Hungary’s worse-than-expected economic performance in the second quarter of 2020 may force the government to rethink this year’s budget and financing plan. The weak data could also compel the central bank to alter the course of monetary policy.
Hungary’s second-quarter gross domestic product dropped by 13.6%, according to raw data published by the Central Statistical Office. When adjusted for seasonal and calendar effects, the decline was 13.5% compared to the same period a year earlier. The reading is far worse than the government’s projection, which expected economic performance to fall by around 10% for the quarter. Minister of Finance Mihály Varga said in early August that the economy picked up slightly in June, but the GDP may still fall by 10% year in the second quarter. The minister added that economic output may shrink by 5% in the second half of the year, exceeding the previously expected, now apparently over-optimistic forecast of 3 percent.
Second-quarter data confirmed the earlier forecasts of some economists that the coronavirus triggered recession could be deeper and more painful than expected. The weak figures are fueling uncertainties in the market and raising questions as to whether the government’s budget for 2020 is still feasible.
A closer look at GDP figures
The recession seen in the April-June period is of historic proportions; the decline in Hungary’s economic performance was only 7-8% during the 2009 global financial crisis. Neighboring countries fared better in terms of economic output, with Poland, which recorded a contraction of 7.9% being the best performer in the central and eastern European region. In Romania, the economic decline was 10.5% while in the Czech Republic it was 10.7%. Slovakia’s GDP, which has a very similar structure to that of Hungary, shrank by 12.1%. Economists argue that the reason behind the deeper recession lies in Hungary introducing restrictive measures earlier than other countries in the region. More optimistic experts also stress that the economic rebound in the second part of the year may therefore be stronger in Hungary than in neighboring countries.
What comes next?
Under normal circumstances, a much smaller difference between the official government forecast and the actual data would trigger a negative rally in the markets. However, these are unusual times and policy makers in most countries are navigating uncharted waters. This could explain why forint or government bond investors did not panic when the GDP figures were released. Nevertheless, most market participants are eagerly awaiting the policy-level reaction of the government and the central bank to the weaker than expected GDP reading.
In June, the National Bank of Hungary struck an overly optimistic tone with regard to Hungary’s economic performance and even predicted moderate growth. “Overall, the Hungarian GDP may grow at a restrained pace in 2020. Economic growth is expected to be 0.3–2.0% in 2020, 3.8–5.1% in 2021, and 3.5–3.7% in 2022,” the monetary authority said in a statement.
That was in sharp contrast with market projections and the forecast of international institutions such as the European Commission or the International Monetary Fund.
“In light of the second-quarter GDP figure, it would take a miracle for the Hungarian economy to be able to grow in 2020,” Péter Virovácz, lead economist at ING Bank in Hungary told news website portfolio.hu. He added that the central bank has so far kept its GDP forecast in the positive range, perhaps to improve economic sentiment. However, the bank will have to review its forecast thoroughly in the September inflation report, in light of the poor second-quarter data.

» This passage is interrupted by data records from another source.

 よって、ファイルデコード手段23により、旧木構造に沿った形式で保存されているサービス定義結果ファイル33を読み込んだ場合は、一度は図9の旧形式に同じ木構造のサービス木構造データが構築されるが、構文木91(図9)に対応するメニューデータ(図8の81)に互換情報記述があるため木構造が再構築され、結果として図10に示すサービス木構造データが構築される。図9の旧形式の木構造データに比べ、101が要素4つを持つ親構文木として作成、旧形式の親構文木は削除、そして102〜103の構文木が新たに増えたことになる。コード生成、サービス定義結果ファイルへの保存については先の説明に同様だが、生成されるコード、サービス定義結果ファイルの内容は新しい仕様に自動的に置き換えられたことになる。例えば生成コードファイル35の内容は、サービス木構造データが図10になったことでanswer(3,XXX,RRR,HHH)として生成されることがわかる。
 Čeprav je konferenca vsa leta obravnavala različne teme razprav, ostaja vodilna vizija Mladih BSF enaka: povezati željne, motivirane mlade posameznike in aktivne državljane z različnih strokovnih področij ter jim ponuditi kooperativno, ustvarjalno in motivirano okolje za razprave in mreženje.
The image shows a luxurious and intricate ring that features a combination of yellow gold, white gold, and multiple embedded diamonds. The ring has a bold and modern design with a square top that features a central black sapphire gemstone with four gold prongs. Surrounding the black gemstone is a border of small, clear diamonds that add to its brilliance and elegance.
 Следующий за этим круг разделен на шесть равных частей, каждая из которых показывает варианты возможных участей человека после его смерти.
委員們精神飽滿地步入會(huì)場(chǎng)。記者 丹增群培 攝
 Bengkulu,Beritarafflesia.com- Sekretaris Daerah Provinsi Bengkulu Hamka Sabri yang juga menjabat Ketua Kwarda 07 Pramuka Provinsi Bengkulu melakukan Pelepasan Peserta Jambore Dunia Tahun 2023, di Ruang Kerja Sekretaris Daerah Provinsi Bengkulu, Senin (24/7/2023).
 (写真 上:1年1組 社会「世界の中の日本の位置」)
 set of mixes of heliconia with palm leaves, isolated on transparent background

Similarly, the Finance Ministry will most likely be forced to revisit the projections of the 2020 budget, which predict an annual recession of 3% for this year and a budget deficit of 3.8% of GDP. The weaker-than-expected quarterly GDP figure will worsen the annual GDP forecast by at least 0.5 percentage point, and if GDP shrinks more than expected, that will also increase the deficit-to-GDP ratio. Péter Virovácz does not rule out that the Ministry will raise the annual deficit target to as much as 8-10%. Should that be the case, the State Debt Management Agency will also need to rewrite its annual issuance plan and boost the sale of government debt. This, in turn, will affect the central bank’s monetary policy.
Although a recovery from the economic shock seems to have started in the third quarter, uncertainties surrounding the speed of revival have not disappeared yet, especially given increased fears of a second wave of the pandemic, Erste Group said in a reaction to the GDP data. “All in all, we expect positive quarterly figures for the second half of the year; however, they are unlikely to bring the yearly figures into positive territory. Our current forecast for the 2020 annual GDP is -4.6%. However, given the deeper recession published for 2Q, we see risks pointing somewhat to the downside,” the analysts at Erste said.